2018-08-01 13:05:02 -07:00 · 2018-08-01 13:05:02 -07:00 · 54f1c18e07
commit 54f1c18e07
parent 852f4cad1d
5 changed files with 235 additions and 42 deletions
--- a/LPRDefaultPlotting.py
+++ b/LPRDefaultPlotting.py
@ -13,6 +13,7 @@ from matplotlib import rcParams, pyplot as pp
 from cycler import cycler
 POLAR_YLIM_CONST=(-18,-6)
 POLAR_YLIM_CONST_MEAS=(-22,-10)
 POLAR_YLIM_CONST_ALT=(-32,-6)
 fcFontList = FM.get_fontconfig_fonts()
@ -54,6 +55,7 @@ rcParams['mathtext.bf'] = 'serif:bold'
 rcParams['mathtext.sf'] = 'serif'
 rcParams['mathtext.tt'] = 'monospace'
 rcParams['lines.linewidth'] = 1.0
 #rcParams['axes.grid'] = True
 # axes.prop_cycle
 COLOR_CYCLE_LIST =  [
--- a/comparisonPlots.py
+++ b/comparisonPlots.py
@ -66,12 +66,12 @@ from tankComputers import *
 freq_pts = 501
 S1=TankGlobals.ampSystem()
-B=TankGlobals.bufferSystem()
+S1.bw_plt=2
 f=FreqClass(freq_pts, S1.f0, S1.bw_plt)
 S1.q1_L = 15
 S2 = copy.deepcopy(S1)
-gain_variation = +4 # dB
+gain_variation = +5 # dB
@ -105,8 +105,11 @@ tf_r_ang_ideal1 = wrap_rads(np.concatenate((-S1.phase_swp, -np.pi - S1.phase_swp
 tf_r_ang_ideal2 = wrap_rads(np.concatenate((-S2.phase_swp, -np.pi - S2.phase_swp)))

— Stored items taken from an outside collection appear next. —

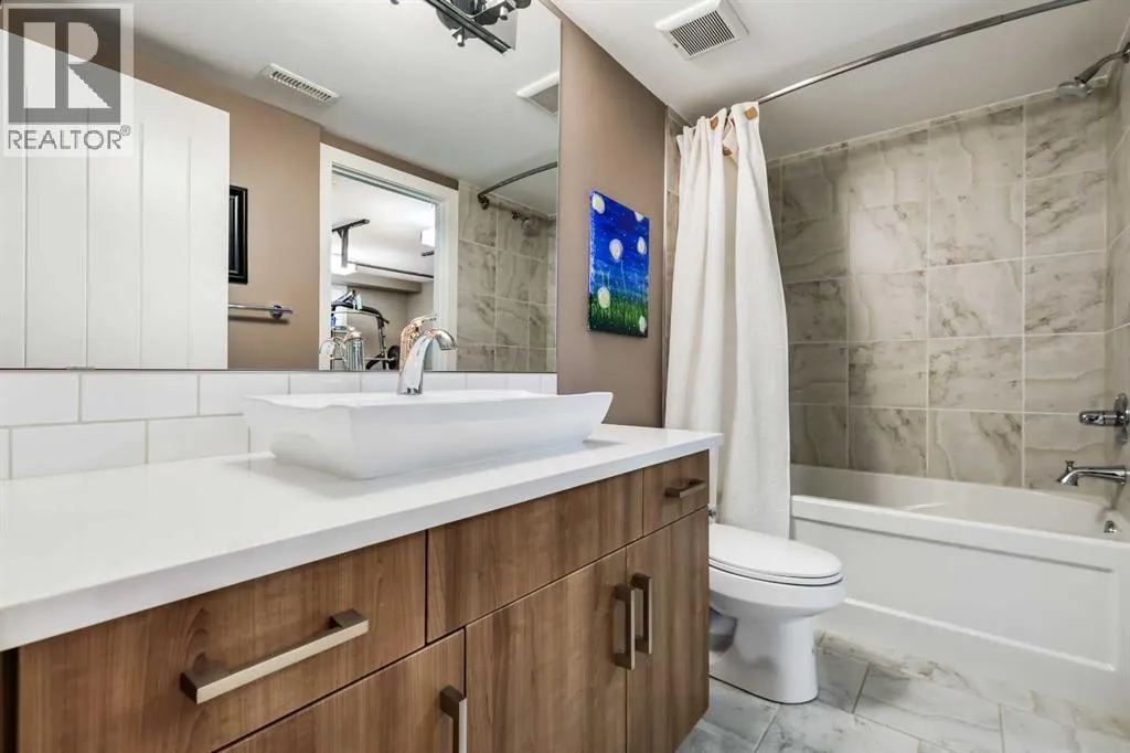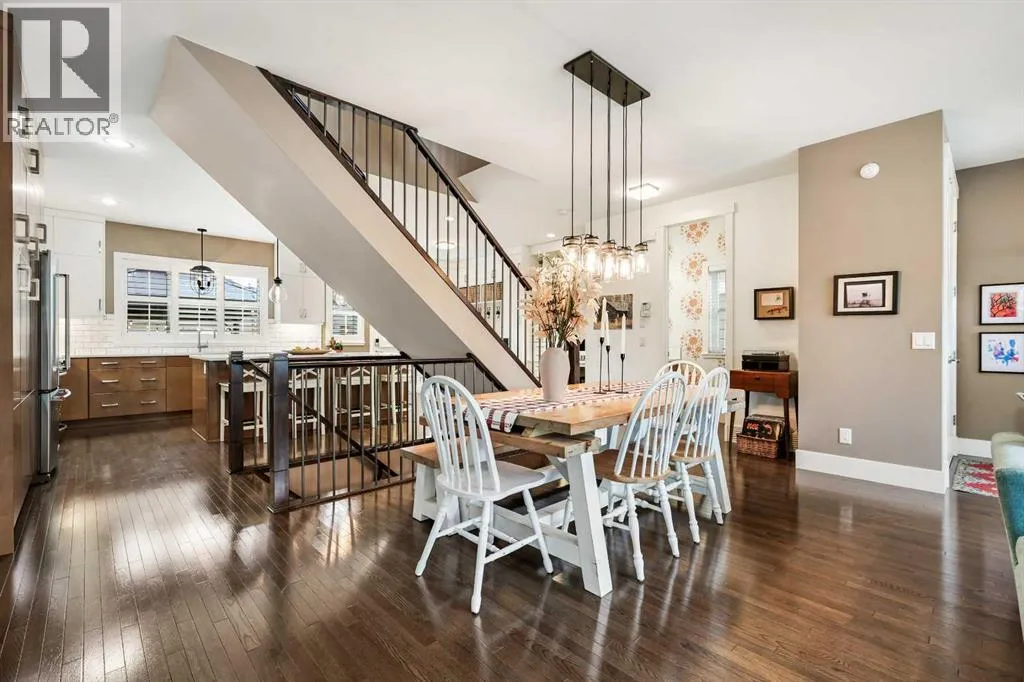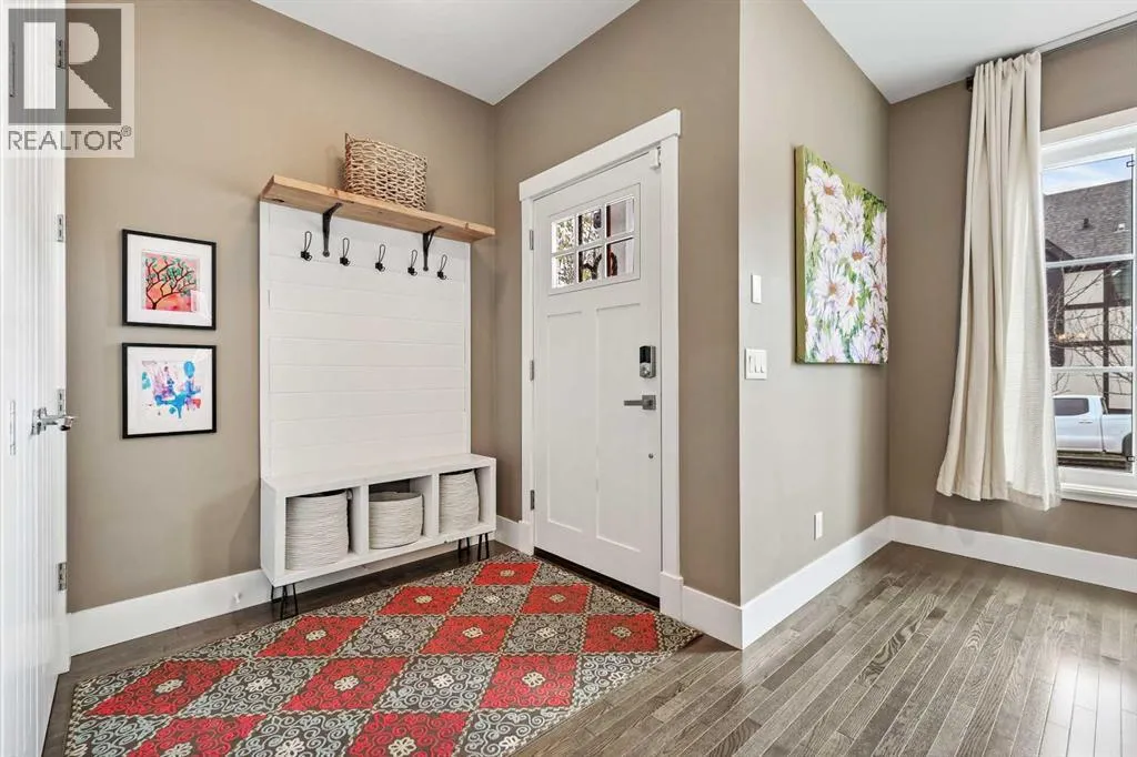 Welcome to this exceptional Custom-Built home, perfectly situated in one of Calgaryâs most sought-after inner-city communities. Boasting over 2,600 sq. ft. of meticulously designed living space, this home blends refined craftsmanship with modern elegance â all just minutes from downtown. Step through the welcoming front entrance into an open-concept main level featuring 9-ft ceilings, rich hardwood floors throughout, and a designer staircase that seamlessly connects the homeâs beautiful living spaces. The living room exudes warmth and style, anchored by a floor-to-ceiling tiled gas fireplace â a perfect focal point for cozy evenings. Custom built-in cabinetry adds both charm and functionality, creating a space designed for comfort and connection. The dining area offers an elegant setting for gatherings, while the chef-inspired kitchen is truly a showpiece -complete with a massive quartz island, premium stainless steel appliances, extended cabinetry, and abundant storage. Whether you love to entertain or cook with family, this kitchen delivers both form and function. From the kitchen, step outside to your professionally landscaped, low-maintenance backyard â fully fenced, south-facing, and exceptionally private. The extended patio creates the perfect space for outdoor dining and relaxation in the sun. Upstairs, discover three spacious bedrooms, each designed for rest and relaxation. The primary suite is a private retreat, featuring a spa-inspired ensuite with a dual vanity, soaker tub, tiled glass shower, and a generous walk-in closet. Large windows and custom window coverings complement the 9-ft ceilings, bathing each room in natural light. The upper-level laundry adds additional convenience. Downstairs enjoy the fully developed basement extending the homeâs versatility â rec room with built-in surround sound, fourth bedroom and/or home gym, and a stylish four-piece bathroom completes this space. Additional luxury upgrades include Air Conditioning, GEM Stone exteri or lighting (never hangChristmas lights again), central vacuum system, and more. Located in vibrant Currie Barracks, youâre surrounded by parks including outdoor rink, splash pad, playgrounds, walking paths, schools, and local amenities â plus easy access to the downtown core in under 10 minutes. Bonus **Approved City Development Permit for a future Carriage Home â an incredible opportunity for added value or income potential. Call today to book your Showing! (id:27476)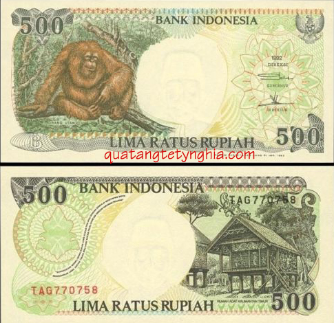 Tiền 500 Rupiah Indonesia là một trong số ít tờ tiền trên thế giới in hình con khỉ. Tờ tiền 500 Rupiah Indonexia này làm bằng chất liệu cotton. Mặt trước in hình chú khỉ vàng Orangutan cộng với màu sắc hài hòa, đường nét tinh tế của tờ tiền, đem lại một vẻ đẹp tự nhiên mà cũng không kém phần đặc biệt.Mặt sau in hình ngôi nhà sàn ở kalimantan Indonesia, cùng với nhiều họa tiết hoa văn đẹp mắt và tinh xảo.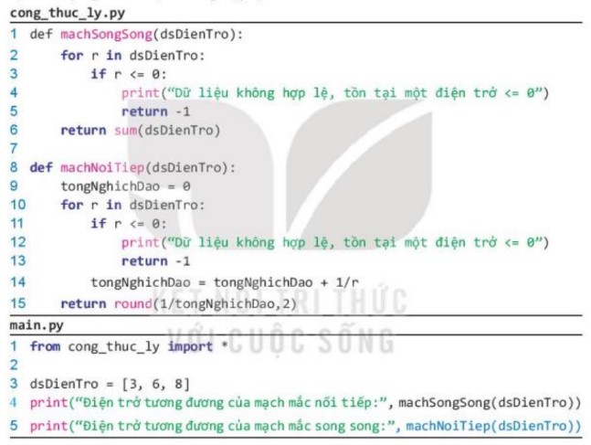 - Tạo thư viện cong_thuc_ly gồm hai hàm machSongSong(dsDienTro) và machNoiTiep(dsDienTro) để tính điện trở tương đương của mạch nối tiếp và song song gồm các điện trở được cho giá trị tính theo Ohm trong mảng dsDienTro.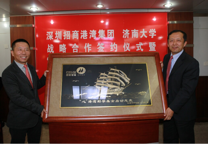 簽約儀式后,雙方舉行了“心?港灣”慈善助學基金捐贈暨啟動儀式。校黨委書記、濟南大學教育發(fā)展基金會理事長范躍進代表學校接受了深圳市招商港灣集團有限公司捐贈的100萬元的慈善助學基金及紀念品。深圳招商港灣集團副總裁徐健詳細介紹了“心?港灣”慈善助學基金設立的初衷和運作模式。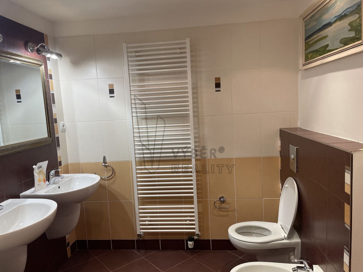 V horním patře se nacházejí 4 pokoje, z nichž 3 jsou neprůchozí, dále 2 šatny a 2 koupelny, obě vybavené vanou, bidetem a toaletou. Byt je vybaven zabezpečovacím systémem s možností připojení na Jablotron.

 tf_r_ang1 = np.angle(tf_r1)
 tf_r_ang2 = np.angle(tf_r2)
-tf_r_ang_rms1 = np.sqrt(np.mean(np.power(tf_r_ang1-tf_r_ang_ideal1,2),0))
+#tf_r_ang_rms1 = np.sqrt(np.mean(np.power(tf_r_ang1-tf_r_ang_ideal1,2),0))

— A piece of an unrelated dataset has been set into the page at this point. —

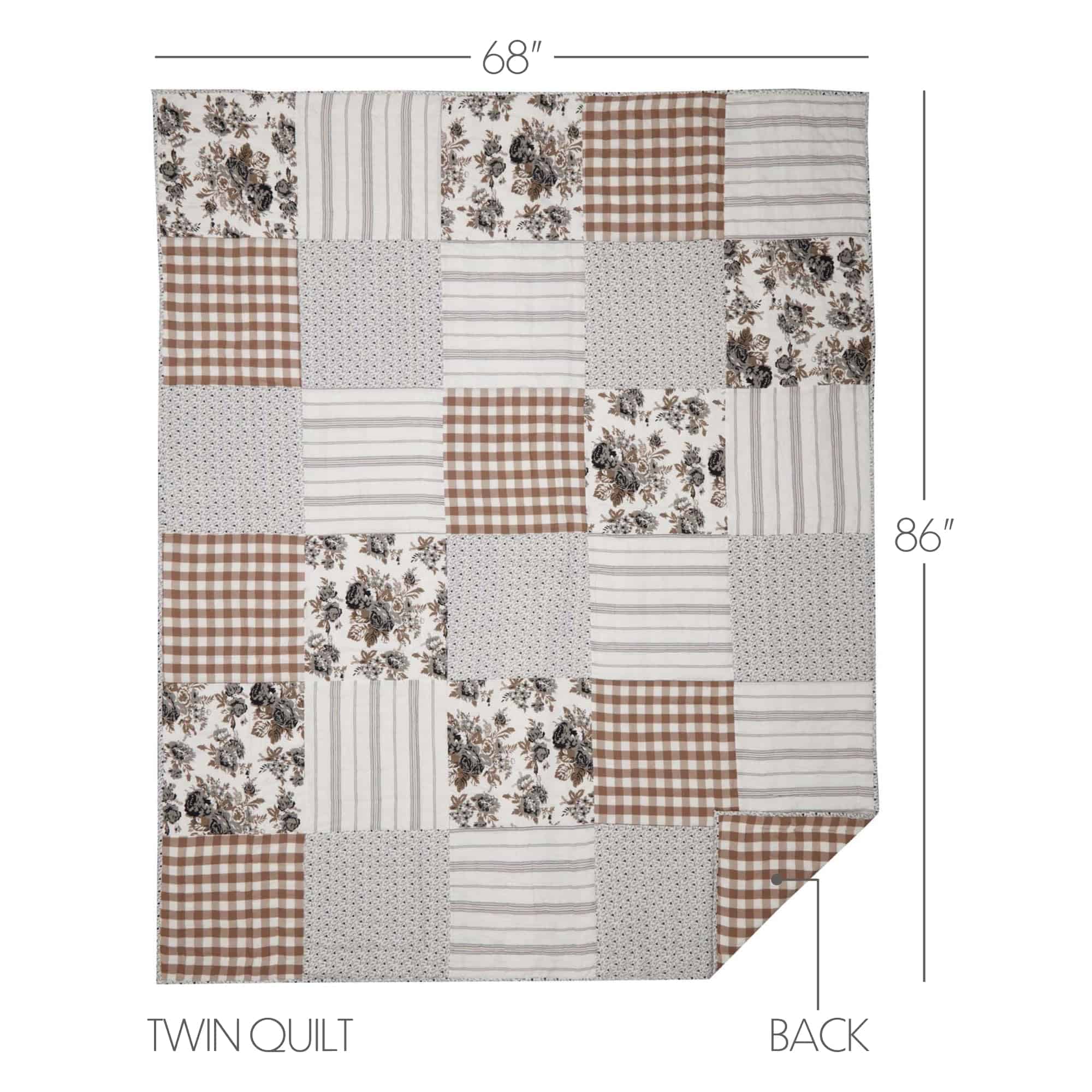 5. ESTILO VINTAGE: Esta acogedora colcha de cabaña campestre cuenta con patrones de inspiración vintage en una mezcla de tartán de búfalo, rayas y flores en blanco, gris cálido y marrón portabella. Con respaldo en tartán de búfalo blanco y marrón portabella.

-tf_r_ang_rms2 = np.sqrt(np.mean(np.power(tf_r_ang2-tf_r_ang_ideal2,2),0))
+#tf_r_ang_rms2 = np.sqrt(np.mean(np.power(tf_r_ang2-tf_r_ang_ideal2,2),0))
 tf_r_ang_rms1_f=delta_rms(tf_r_ang1, 2*np.pi/16)

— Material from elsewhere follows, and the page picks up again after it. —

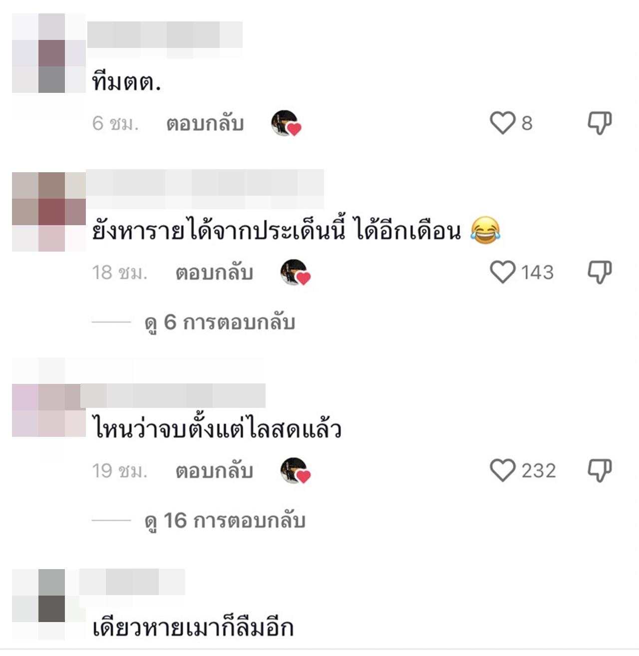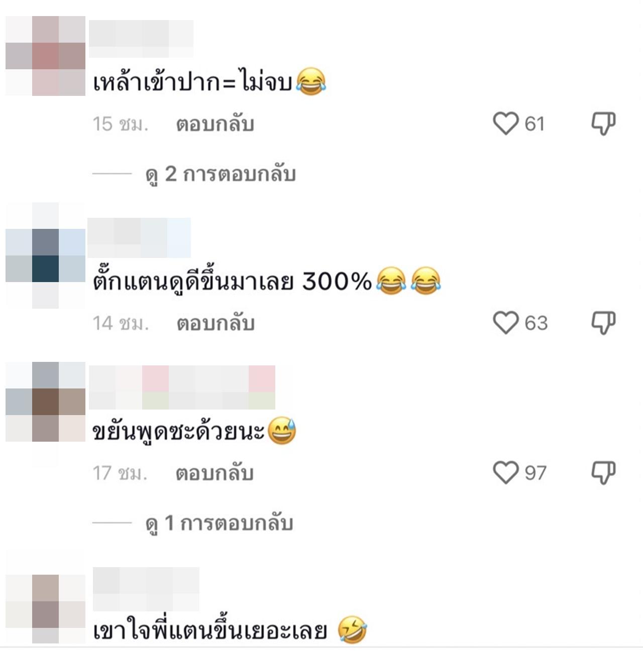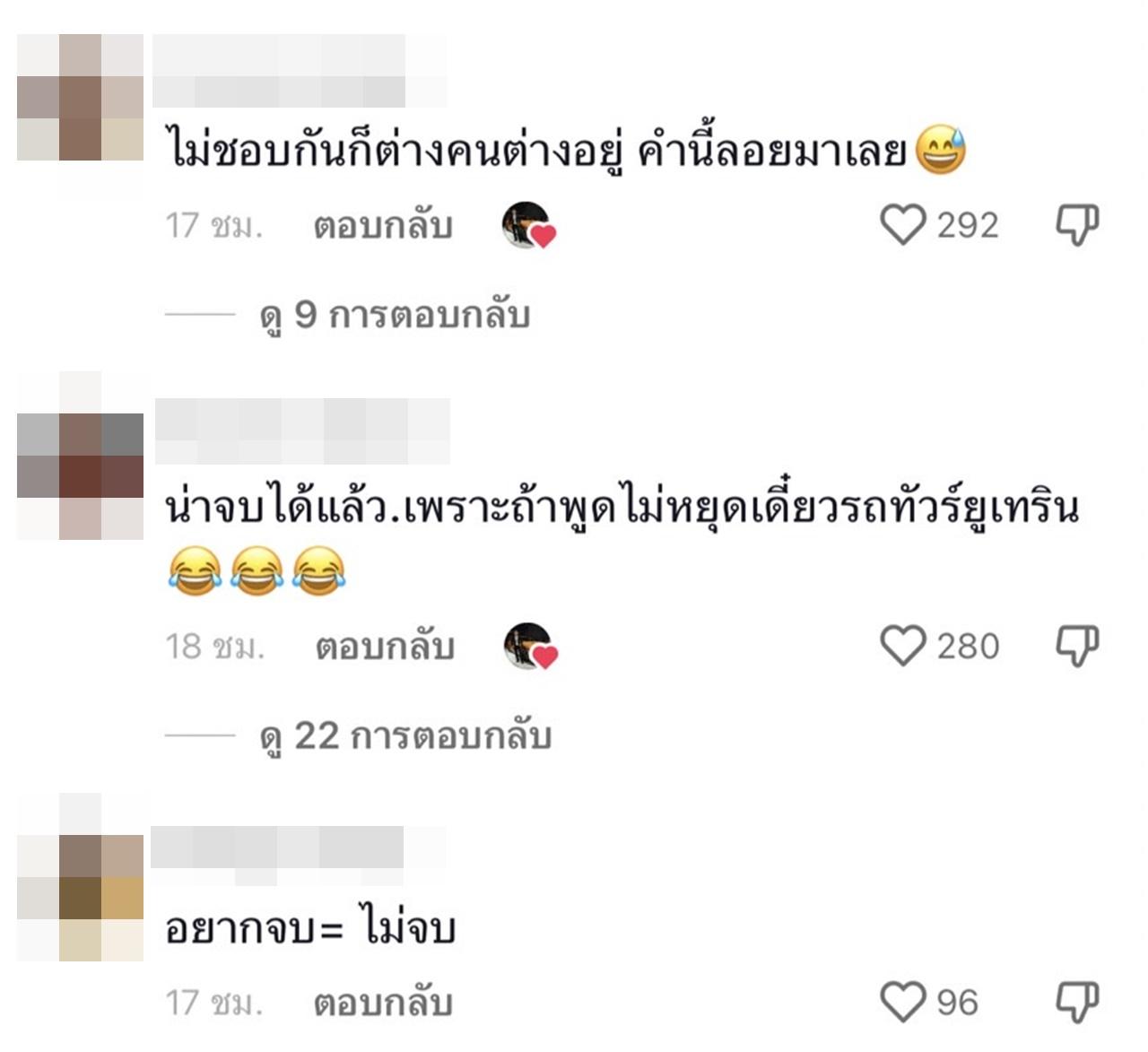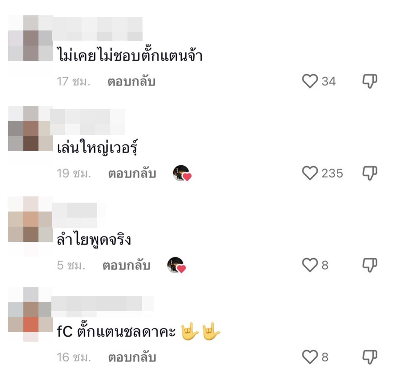 แต่หลังจากที่คลิปดังกล่าวได้โพสต์ไป กลับมีดราม่าขึ้น โดยหลายคนต่างมองว่า รู้สึกไม่โอเค จะจบแบบน่ารักมากกว่านี้ ถ้าไม่มาต่อความยาวสาวความยืด แถมยังมีคอมเมนต์ชมสาวตั๊กแตนอีกด้วย ที่วางตัวดีมาก อาทิ ต่อความยาวสาวความยืดแทนที่จะจบๆน่ารักๆไป, เยอะไปนะ ไม่จบ ตั๊กแตนดูดีขึ้นมาเลยค่ะ, ตั๊กแตนดูดีขึ้นมาเลยค่ะ, น่าจบได้แล้ว.เพราะถ้าพูดไม่หยุดเดี๋ยวรถทัวร์ยูเทิร์น, ไม่ชอบกันก็ต่างคนต่างอยู่ คำนี้ลอยมาเลย, เป็นกำลังใจให้ตั๊กแตน, ตั๊กแตนดูดีขึ้นมาเลย 300%, ชอบตั๊กแตนคะเป็นกำลังใจให้คุณตั๊กแตนเสมอ เป็นต้น.

 tf_r_ang_rms2_f=delta_rms(tf_r_ang2, 2*np.pi/16)
 ################################################################################
 # Compute RMS phase error relative to ideal reference across plotting bandwidth
@ -115,15 +118,13 @@ tf_r_ang_rms2 = np.sqrt(np.mean(np.power(tf_r_ang2-tf_r_ang_ideal2,2),0))
 (bw_ang2, rms_ang_swp2)=rms_v_bw(tf_r_ang2-tf_r_ang_ideal2, S2.bw_plt)
 (bw_mag2, rms_gain_swp2)=rms_v_bw(tf_r2, S2.bw_plt)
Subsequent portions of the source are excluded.